Intent handler maps the number of features or interactions a skill offers. A Skill service can have many Intent Handlers, each reacting to different intents triggered by different spoken words which we developers specify.
Skill Interface:
The skill interface configuration is the second part of creating a skill, where we specify the words that would trigger intents of skill service defined above.
The Skill interface is what is responsible for processing users' spoken words. It handles the translation between audio from the user to events the skill service can handle. It sends events so the skill service can do its work. Skill Interface is also where we specify what a skill is called. So user can invoke it by name when talking to a Alexa enabled device,
ex. “Alexa, ask Greeter to say Hello“
It's the name users would address a skill. This is called the skill invocation name. For example, we are naming our skill as Greeter.
Within the Skill Interface, we define the skills interaction model. Interaction model is what trains the skill interface so that it knows how to listen to the user's spoken words. It resolves the spoken words into specific intent events. You define the words that should map to particular intent names in the interaction model by providing a list of sample utterances. A sample utterance is a string that represents a possible way a user may talk to the skill. These utterances are used to generate a natural language understanding model. This resolves users' voice to our skills' intents.
We also declare an Intent Schema on the interaction model. The intent schema tells the skill interface, what intents the skill service implements. Once we provide the sample utterances, the skill interface can resolve the user’s spoken words to the specific events the skill service can handle. An example is the “Hello World” Intent event in the skill we are going to build.

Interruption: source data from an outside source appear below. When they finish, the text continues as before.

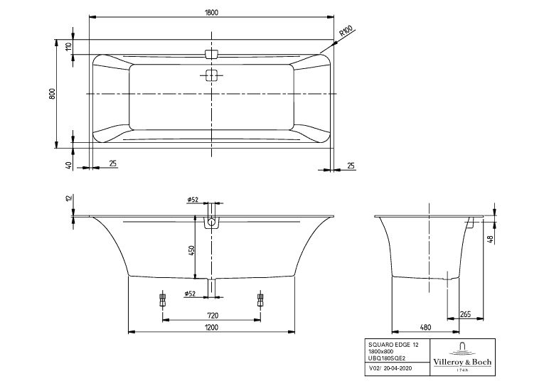 Villeroy & Boch Squaro edge 12 Inbouwbad
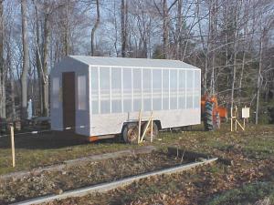“I cut down an old door to the proper size and added a fold-down step made from scrap steel that I hinged to the trailer,” he says. The greenhouse is covered by 6-mil plastic.
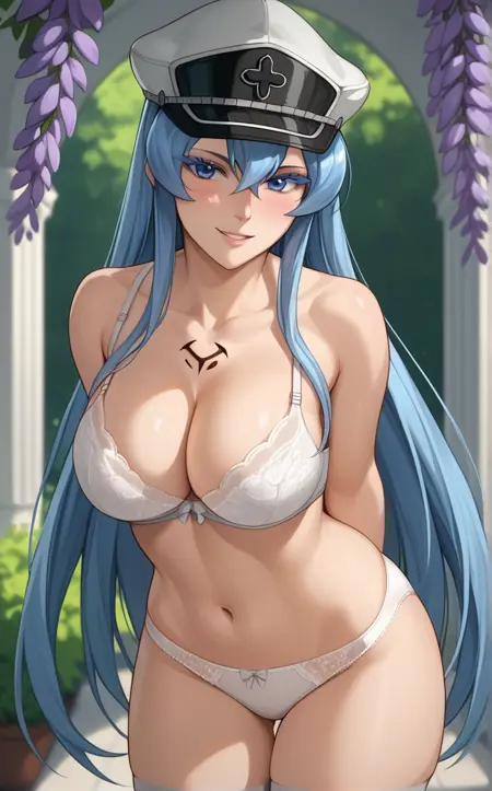WhiteBra_Esdeath_ownwaifu, 1girl, 蓝眼, 蓝发, 胸部纹身, 彩色睫毛, 发丝遮眼, 侧发, 深沟, 锁骨, 大胸, 刘海, 裸露肩膀, 肚脐, 尖顶帽, 白色胸罩, 军帽, 白色头饰, 内衣, 鼻子, 白色内裤, 白色过膝袜, 蕾丝边胸罩, 蕾丝边内裤, 大腿, 仅穿内衣,
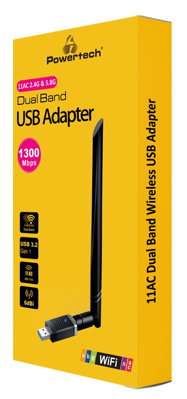 POWERTECH ασύρματος USB αντάπτορας δικτύου PT-1132, 1300Mbps, 2.4/5GHz
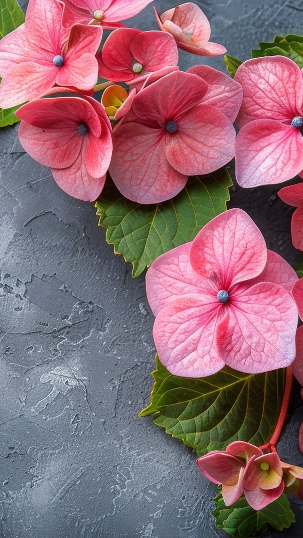 Edytor tapety: Różowe hortensje w zbliżeniu
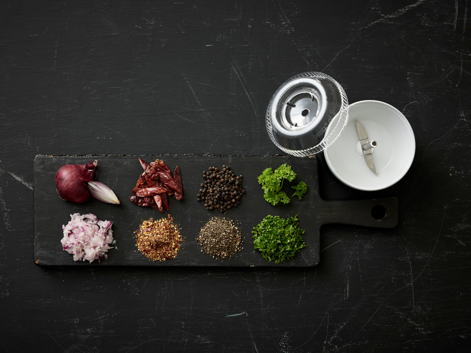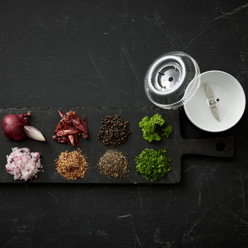 The Bamix Processor is ideal for grinding, chopping, and mixing small quantities of both dry and wet ingredients. It's perfect for herbs, spices, nuts, and even coffee beans.
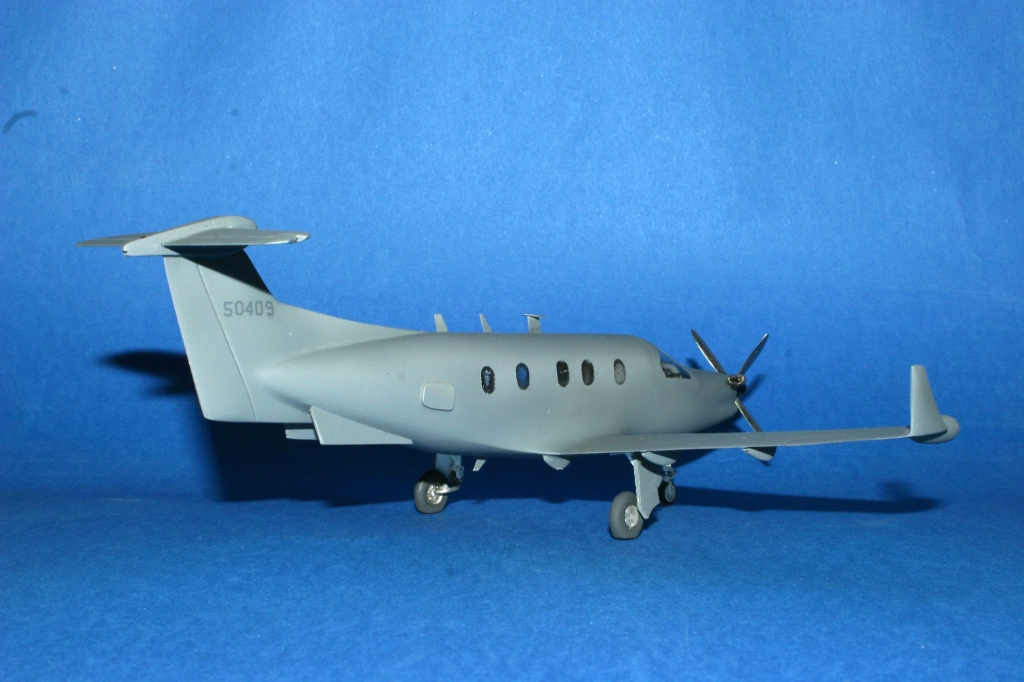 The U-28A has a simple scheme – overall gunship grey – and this made the painting stage somewhat easier than it could have been. I use Xtracolor paints which I spray at very low pressure (6-8psi) and mixed approximately 50% with thinner. After a couple of coats of Johnson Kleer, I applied the markings using a Two Bobs sheet which I’d had hanging around for some time. There are no markings other than the tailcode so this didn’t take too long! A couple of coats of Polly Scale Matt Coat and it was time for final detailing.
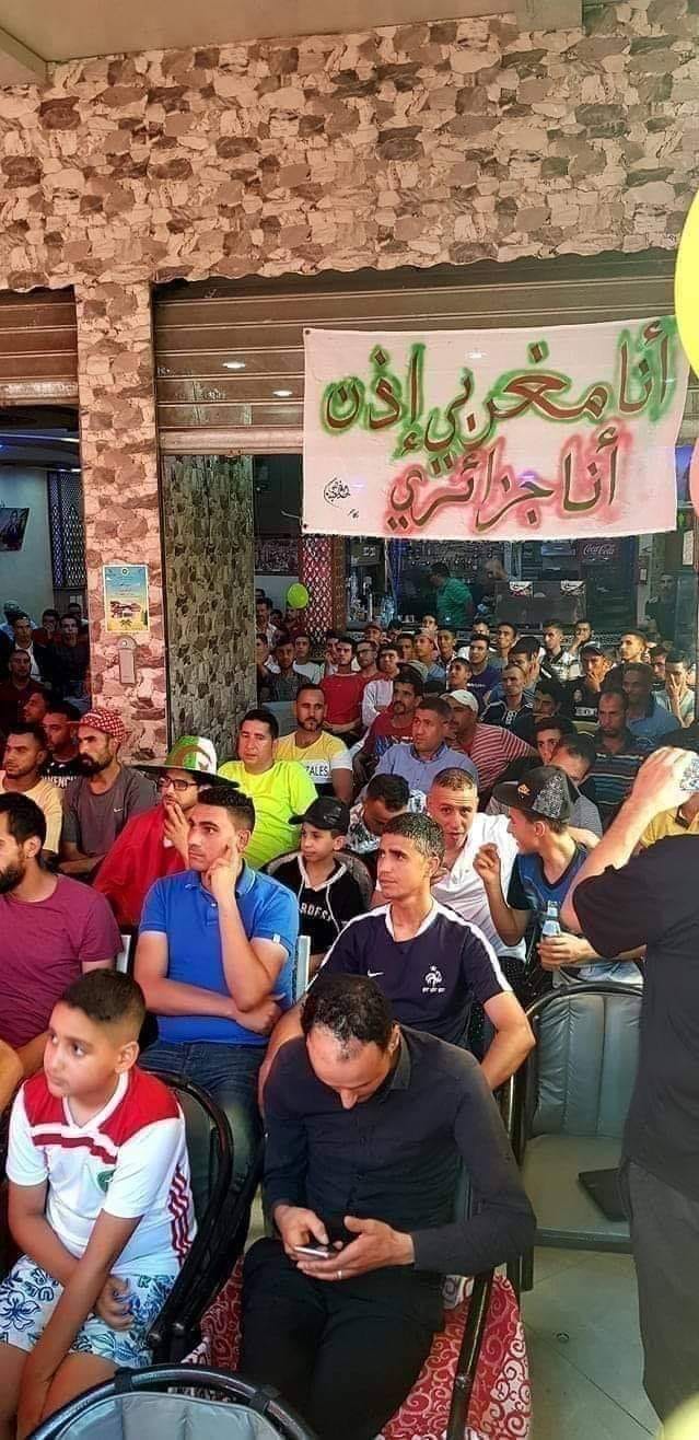 الشاب خالد وزوجته يرفعان الرايتين المغربية والجزائرية بمدرجات ملعب مولاي الحسن ...
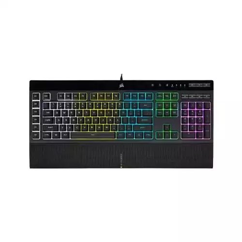 The CORSAIR K55 RGB PRO Gaming Keyboard lights up your desktop with five-zone dynamic RGB backlighting and powers up your gameplay with six dedicated macro keys. CORSAIR K55 RGB Pro Gaming Keyboard Customize the RGB lighting effects on the keyboard, assign colors to each lighting zone, or program your own effects using CORSAIR iCUE. You'll never have to worry about spill accidents or dust build-up on your keyboard thanks to IP42 protection. Use the six dedicated macro keys to record onboard, program more complex macros with iCUE, or assign streaming commands with Elgato Stream Deck.
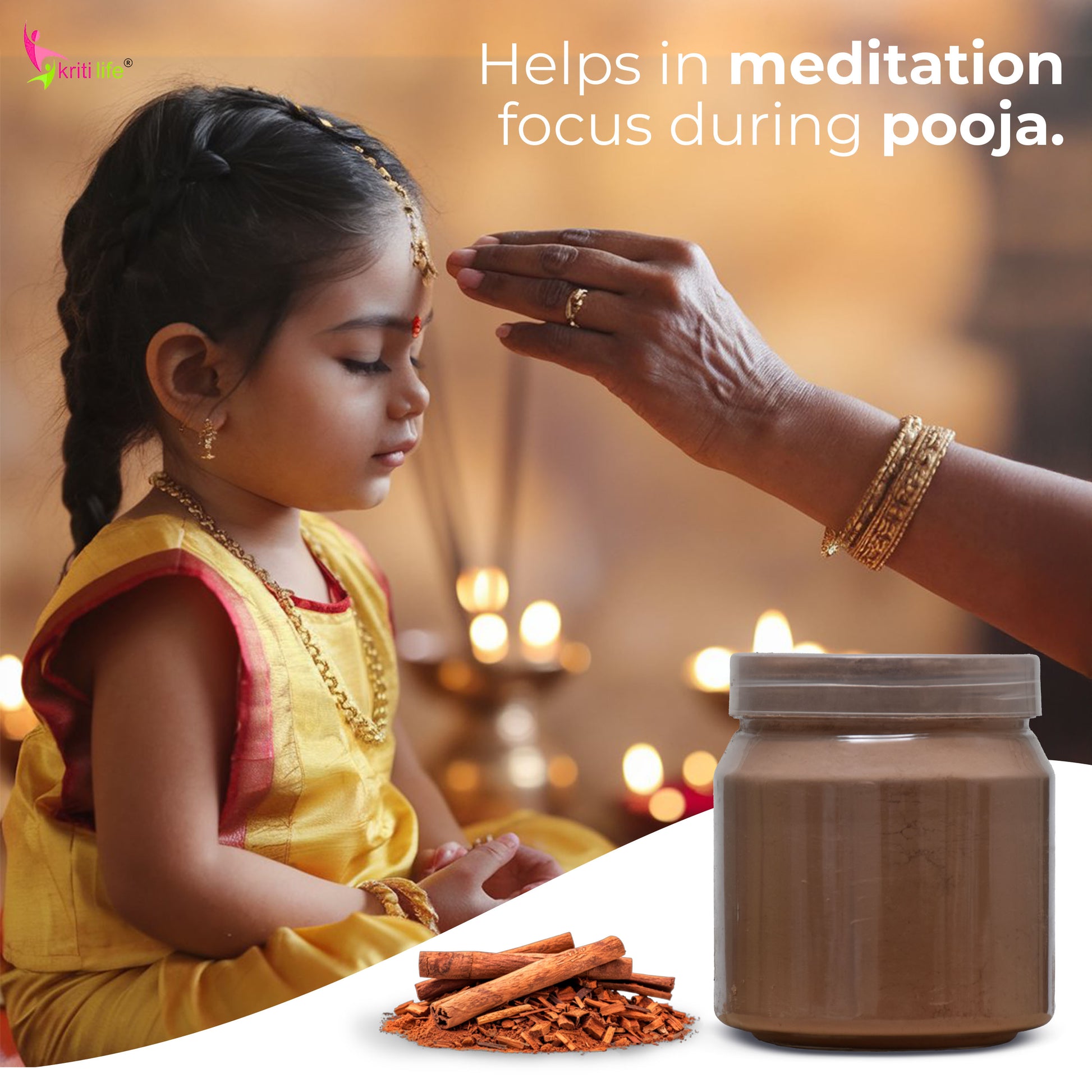Elevate your spiritual practices with Organic Sandalwood Powder from Kriti Life, made from 100% pure and natural sandalwood. Revered in Hindu rituals, sandalwood powder is used for puja, abhishekam, deity offerings, and meditation.

We will provide both the sample utterances and the intent schema in the alexa skill interface. When defining the sample utterances, consider the variety of ways the user might try to ask for an intent. A user might say, “Alexa, ask Greeter to say Hello”, or the user might also say “Alexa, ask Greeter to say Hi”, providing a comprehensive list of sample utterances to the interaction model. It’s important for making the user experience smoother by making the chances of a match.
After having set up the skill interface with sample utterances to recognize voice patterns to match our skill services intents, the fourth journey of the request, between skill interface and skill service can take place.

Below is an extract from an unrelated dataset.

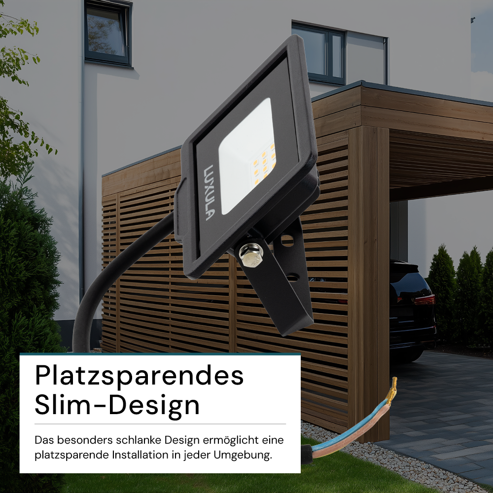 Entdecken Sie den neuen LED-Fluter von LUXULA - die perfekte Lösung für eine effiziente und zuverlässige Beleuchtung im Innen- und Außenbereich. Mit einem Abstrahlwinkel von 100° sorgt der Fluter für eine großflächige und gleichmäßige Beleuchtung Ihrer Umgebung. Der Strahler liefert 100 Lumen pro Watt, was zu einer sehr energieeffizienten Beleuchtung führt. Erhältlich in zwei verschiedenen Farbtemperaturen (warmweiß und neutralweiß), können Sie die Farbtemperatur auswählen, die am besten zu Ihren Bedürfnissen passt. Der Fluter von LUXULA ist mit hochwertigem EPISTAR LED ausgestattet, die für eine beeindruckende Helligkeit und eine gleichmäßige Lichtverteilung sorgen. Dank seines breiten Anwendungsspektrums ist die Leuchte äußerst vielseitig einsetzbar. Ob in Gewerbe- oder Wohnräumen, in Gartenanlagen oder bei Veranstaltungen, dieser LED Flutlicht bietet Ihnen eine hervorragende Beleuchtungslösung. Er eignet sich ideal für die Akzentbeleuchtung, die Sicherheitsbeleuchtung oder die Ausleuchtung großer Flächen.
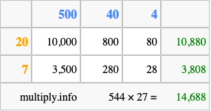 That's all there is to it! As you can see from the box above, the answer to 544 times 27 using the box method is 14,688.

User Interaction Flow (source: https://developer.amazon.com/public/solutions/alexa/alexa-skills-kit/overviews/understanding-custom-skills)
Here is how user’s spoken words are processed by the Greeter Skill.

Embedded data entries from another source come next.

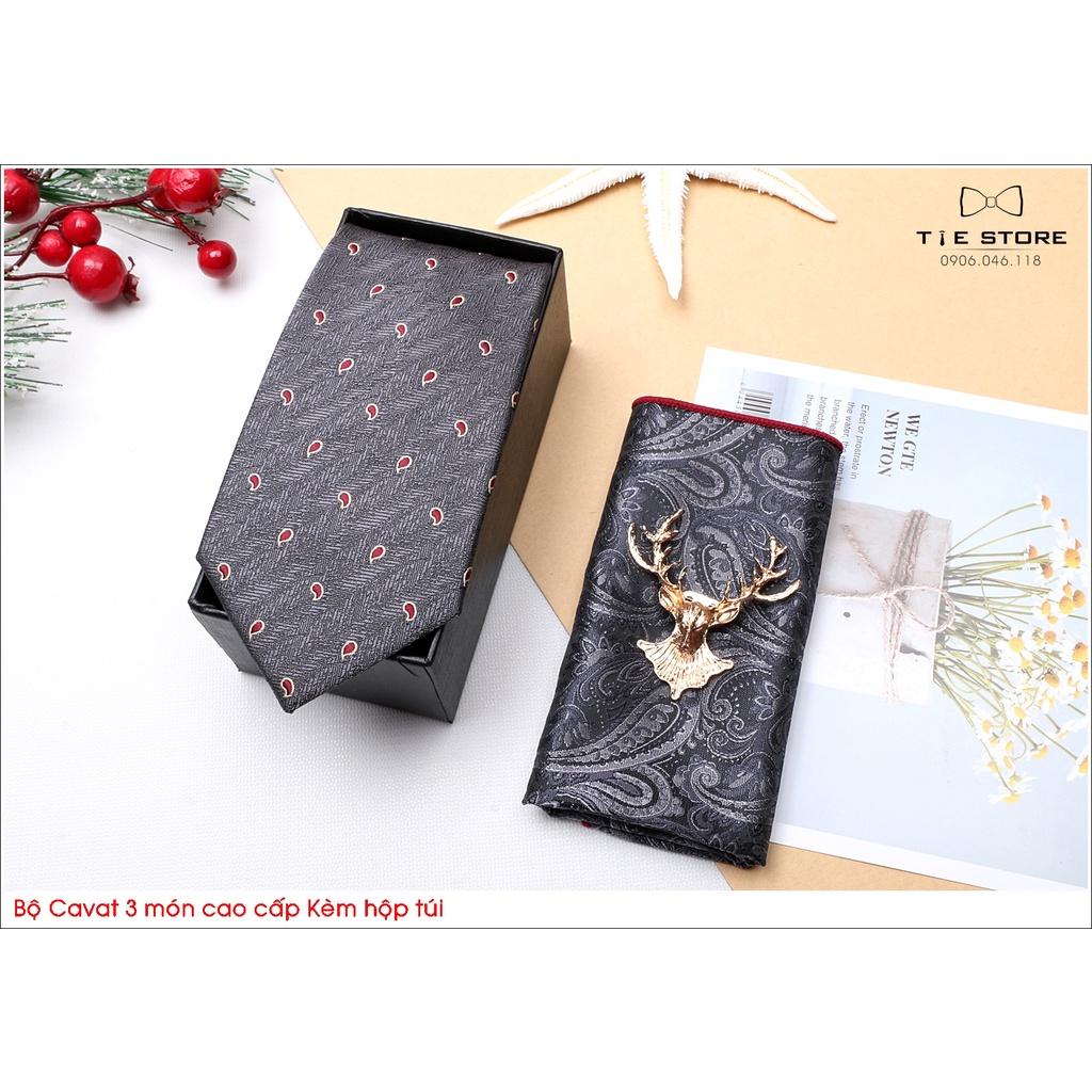 ✨Ca Vat bộ 3 món kèm hộp túi xách cao cấp, quà tặng chú rể, Cavat họa tiết ghi xám
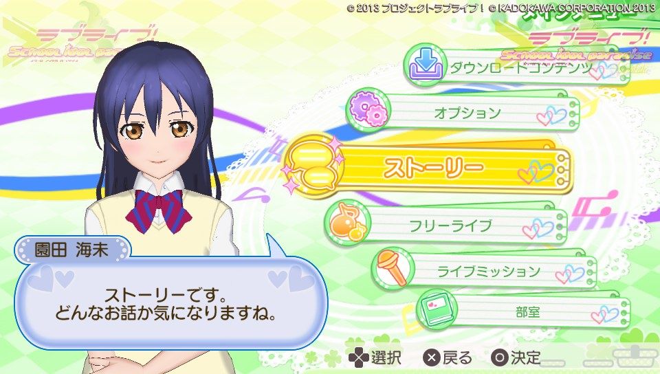 ここではスクパラオリジナルのストーリーを見ることが出来ます。合間合間にライブパート(音ゲー)があって、まぁスクフェスみたいな感じです。どうやらルート分岐があるみたいですね。私はまだ一つしかルートを終えてないです。
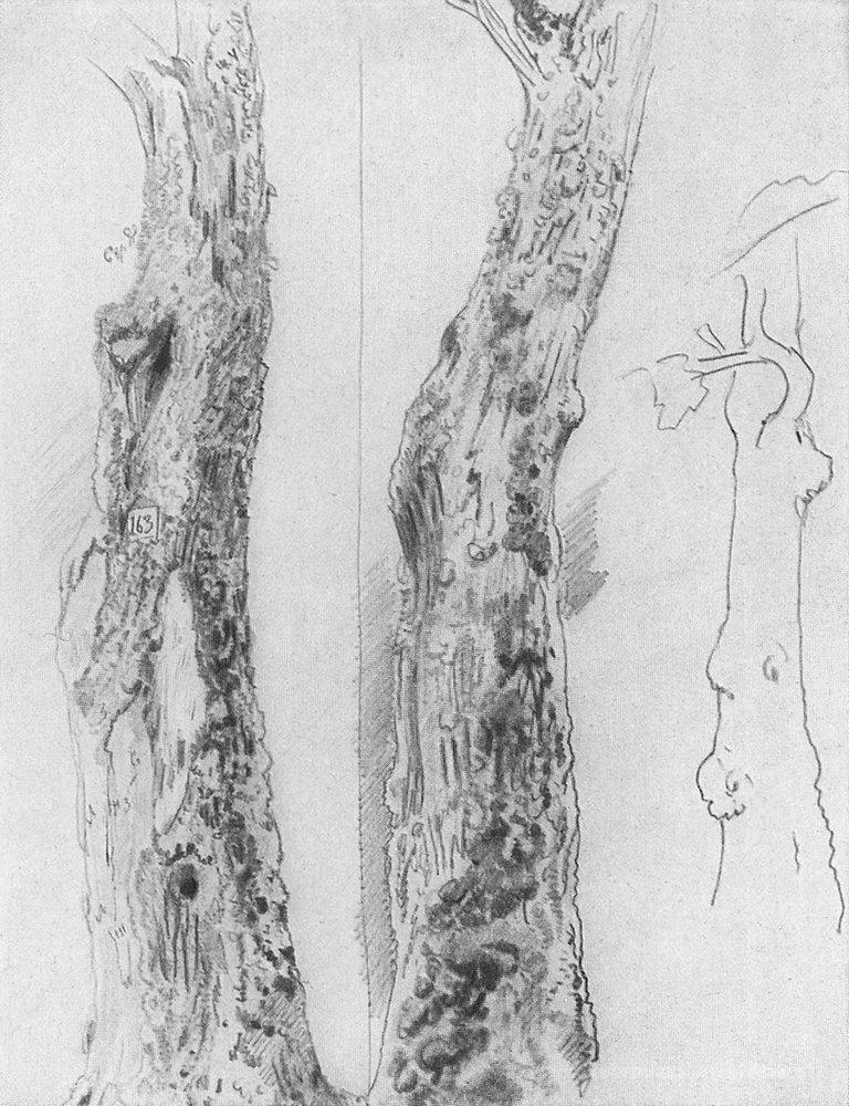 Nous vous proposons une reproduction artisanale sur toile du célèbre tableau 'Étudier pour les troncs' de Ivan Shishkin, provenant du Musée de la Reproduction.

The user says, “Alexa, ask the user to say Hello”, the skill interface resolves the audio to an intent event because we can figure out the interaction model. We set up an invocation name
as Greeter and we provide the interaction model with sample utterances in the skill interface. The sample utterances list include “Say Hello”.
So the skill interface was able to match the user’s spoken words to the intent name.Now that the event is recognized by the skill interface it is sent to skill service, the matching intent handler is triggered. The intent handler returns an output speech response of “Hello” to the skill interface which is then sent to the Alexa device. Finally the device speaks the response.
source: https://github.com/bignerdranch/developing-alexa-skills-solutions/blob/master/coursebook/haIntro_Chapter.pdf
Summary:
An alexa skill is made up of Skill Interface and a Skill Service. The skill interface configuration defines how users' verbal commands are resolved to events which are then routed to the skill service. This way one can create an Alexa Skill, with an alexa skill you will write a skill service, configure a skill interface and test and deploy skill.